Das Bürgerliche Gesetzbuch (BGB), das in § 314 die Grundlagen für eine Abmahnung regelt, schreibt nicht vor, dass die Abmahnung schriftlich erfolgen muss. Der Vorgesetzte kann diese dem Mitarbeiter auch mündlich mitteilen. Allerdings ist es bei einer schriftlichen Version für das Unternehmen einfacher, den Vorgang nachzuweisen, falls dies nötig sein sollte. Aus diesem Grund ist es auch ratsam, den Brief per Post als Einschreiben zu verschicken. So kann der Arbeitgeber dokumentieren, dass der Angestellte die Abmahnung auch erhalten hat. 

Zeit: Gibt es Fristen für eine Abmahnung?

Das BGB nennt keinen konkreten Zeitraum, in dem der Arbeitgeber ein Fehlverhalten spätestens abmahnen muss. Allerdings ist die Aufgabe einer Abmahnung unter anderem, den Mitarbeiter zu einer Besserung des Verhaltens aufzufordern. Liegt das Fehlverhalten lange zurück, und hat sich der Angestellte seitdem nichts mehr zuschulden kommen lassen, ist die Aufforderung überflüssig geworden.
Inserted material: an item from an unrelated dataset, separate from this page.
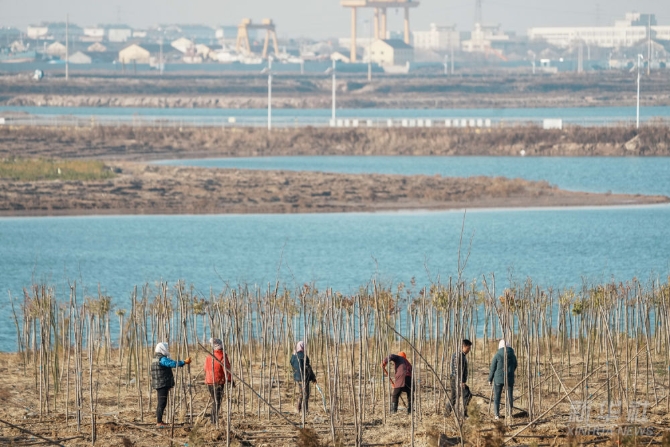 村民们在山东寿光羊口港种植树木(2021年12月2日摄)。
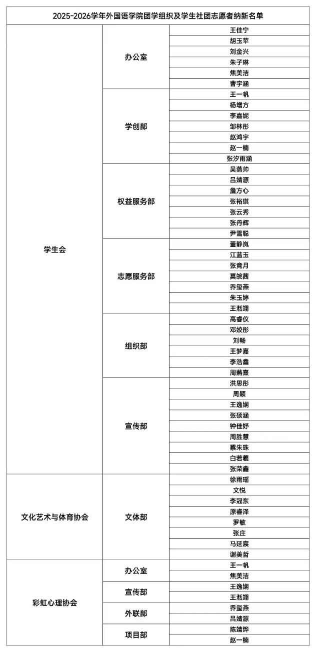 9月19日,长安大学外国语开元kaiyuan(中国)在223报告厅举行了2025-2026学年团学组织及学生社团的纳新面试。经公开答辩与综合评议,拟录用名单现已确定,予以公示:

Die Rechtsprechung in Deutschland geht daher davon aus, dass spätestens nach zwei, drei Jahren der Zeitpunkt für eine Abmahnung verpasst wurde. 
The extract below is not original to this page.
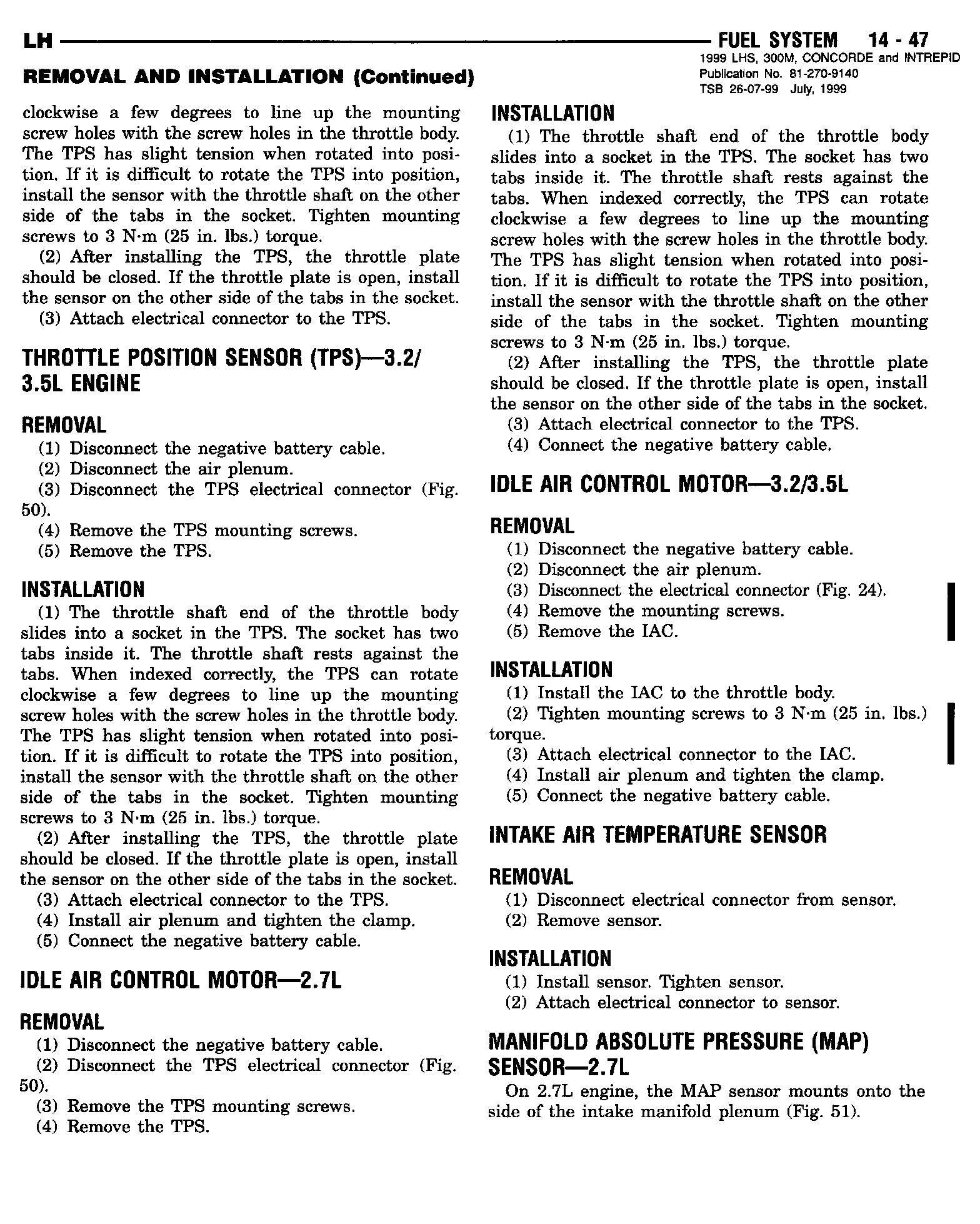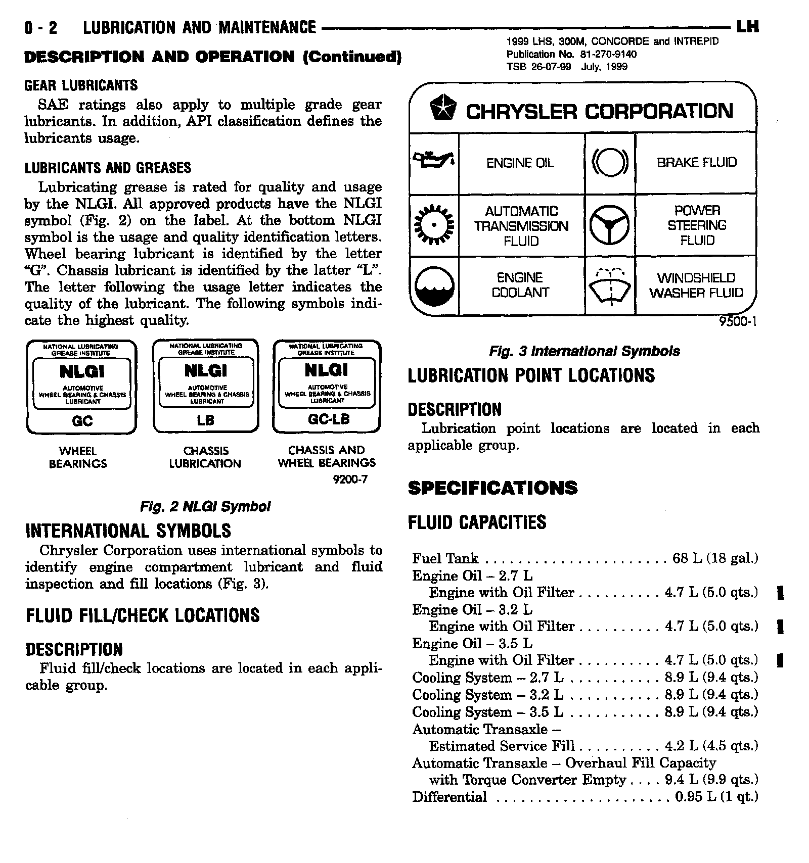 1999 Concorde, Intrepid, LHS, 300M Service Manual - Publication Number 81-270-9140

Eine Abmahnung kann in der Praxis aber nicht nur zu spät, sondern auch zu früh erfolgen. Denn mahnt der Arbeitgeber ein Verhalten ab, kann er den Mitarbeiter für denselben Vorfall nicht kündigen. Kommt das Unternehmen später zu dem Schluss, dass eine Kündigung gerechtfertigt gewesen wäre – etwa weil der Mitarbeiter sich schon früher einiges zuschulden kommen lassen hat –, sind ihm die Hände gebunden.

Direkte Kündigung: Wann braucht es keine Abmahnung?
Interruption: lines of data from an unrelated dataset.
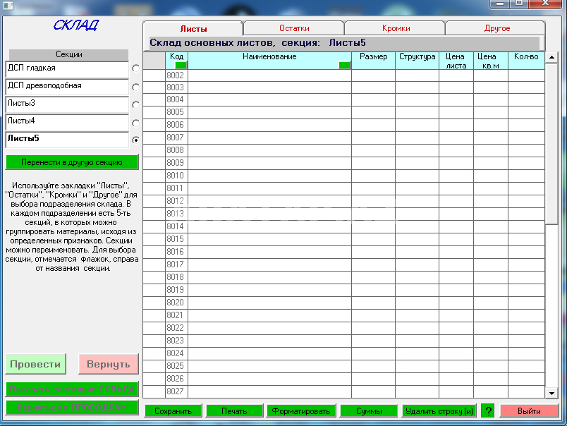 - Склад основных листов, остатков, кромочного материала, комплектующих/фурнитуры, работ и услуг;
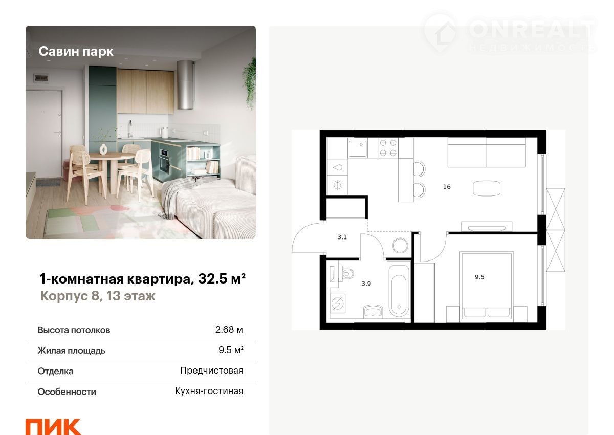 Продаётся 1-комн.квартира площадью 32.50 кв.м на 13 этаже 25 этажного дома (Корпус 8, секция 1) проекта ПИК Савин парк. Светлый просторный подъезд на уровне земли, функциональная планировка, большие окна, с отделкой. Артикул - 985721
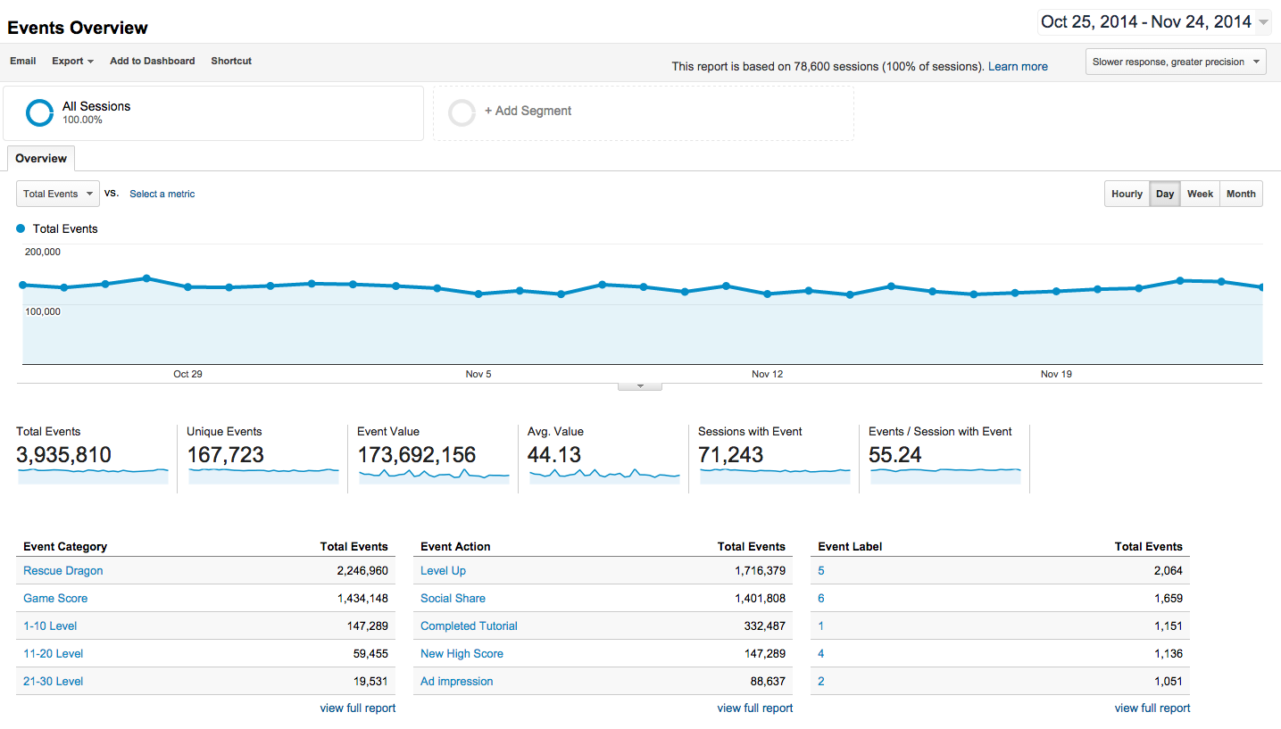 One of the most common and easiest ways to track user behavior is with events. Events are powerful for capturing specific actions that are relevant to your business. They are often used to capture a specific moment in time; an example of an event might be a Level Up. In this example, you'd configure your code to send data to Google Analytics every time a user successfully passed a level. You can send multiple properties with an event so you can group your events based on the analysis you intend to do.

Ist das Fehlverhalten des Mitarbeiters so gravierend, dass dem Arbeitgeber eine weitere Zusammenarbeit nicht zugemutet werden kann, darf das Unternehmen eine fristlose Kündigung aussprechen. Das ist etwa dann der Fall, wenn der Angestellte die Firma getäuscht hat, in dem er zum Beispiel systematisch Arbeitszeitbetrug begangen hat. Auch hier gilt aber die Verhältnismäßigkeit. Ist der entstandene Schaden gering, muss es vor einer Kündigung eine Abmahnung gegeben haben.

In manchen Fällen kann es zudem sinnvoller sein, den Mitarbeiter in einem Gespräch nur zu ermahnen, statt ihn offiziell abzumahnen. Im Gegensatz zu einer Abmahnung hat eine Ermahnung keine rechtlichen Auswirkungen. Dennoch macht auch sie klar, dass der Arbeitgeber mit dem Angestellten unzufrieden ist und sich eine Besserung wünscht. Bei nur geringen Verstößen ist die Ermahnung daher die bessere Wahl – auch für das Betriebsklima.

Gegendarstellung und Klage: Wie können sich Arbeitnehmer gegen eine Abmahnung wehren?

Die Aufnahme der Abmahnung in die Personalakte ist ein Eingriff in die Persönlichkeitsrechte des Mitarbeiters – schließlich kann das Dokument unter Umständen auch noch bei zukünftigen Arbeitgebern Gesprächsthema werden. Der Arbeitnehmer kann daher nach § 83 des Betriebsverfassungsgesetzes verlangen, dass das Unternehmen eine Gegendarstellung in die Personalakte aufnimmt. Damit signalisiert er, dass er mit den Vorwürfen nicht einverstanden ist. Bei einer möglichen Klage gegen eine spätere Kündigung kann sich der Mitarbeiter darauf berufen. Dadurch steht der Arbeitgeber nochmal stärker in der Beweisschuld, dass die Abmahnung gerechtfertigt war, als er es ohnehin ist. Auch aus diesem Grund sollte ein Unternehmen die Abmahnung immer so konkret wie möglich verfassen.

Der Arbeitnehmer kann zudem anstelle einer Gegendarstellung gegen eine Abmahnung klagen. Dann muss ein Arbeitsgericht klären, ob die Abmahnung rechtens war oder der Eintrag aus der Personalakte entfernt werden muss.